### INSTRUCTIONS TO FOLLOW
Would you reproduce the data below exactly, please, leaving out its images?

### DATASET EXCERPT
----------

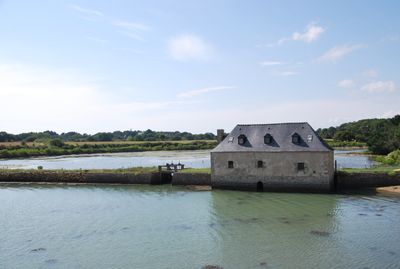 The Meriadec mill stands at the mouth of Rohu, creating a 600,000 cubic meter pond in the Baden cove with a 170-meter granite breakwater.
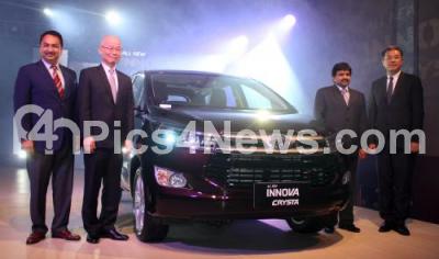 Event Description : Vikram S Kirloskar, Vice Chairman Toyota Kirloskar Motor, Mr Akito Tachibana, Managing Director Toyota Kirloskar Motor, N Raja, Director and Senior Vice President Toyota Kirloskar Motor And Hiroki Nakajima, Managing Officer and Executive Chief Engineer Toyota Motor Corporation launched the new Innova Crysta at Hotel Lalit Ashok, in Bengaluru on Friday 13th May 2016
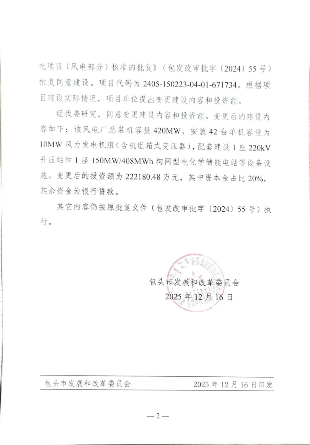 根据文件,双良包头市60万千瓦园区绿色供电项目(风电部分)项目单位为国电电力(达茂旗)新能源有限公司,变更后总装机容量420MW,安装42台单机容量为10MW风力发电机组(含机组箱式变压器),配套建设1座220kV升压站和1座150MW/408MWh构网型电化学储能电站等设备设施。变更后的投资额为222180.48万元。

----------

### WRITTEN ANSWER
 The Meriadec mill stands at the mouth of Rohu, creating a 600,000 cubic meter pond in the Baden cove with a 170-meter granite breakwater.
 Event Description : Vikram S Kirloskar, Vice Chairman Toyota Kirloskar Motor, Mr Akito Tachibana, Managing Director Toyota Kirloskar Motor, N Raja, Director and Senior Vice President Toyota Kirloskar Motor And Hiroki Nakajima, Managing Officer and Executive Chief Engineer Toyota Motor Corporation launched the new Innova Crysta at Hotel Lalit Ashok, in Bengaluru on Friday 13th May 2016
 根据文件,双良包头市60万千瓦园区绿色供电项目(风电部分)项目单位为国电电力(达茂旗)新能源有限公司,变更后总装机容量420MW,安装42台单机容量为10MW风力发电机组(含机组箱式变压器),配套建设1座220kV升压站和1座150MW/408MWh构网型电化学储能电站等设备设施。变更后的投资额为222180.48万元。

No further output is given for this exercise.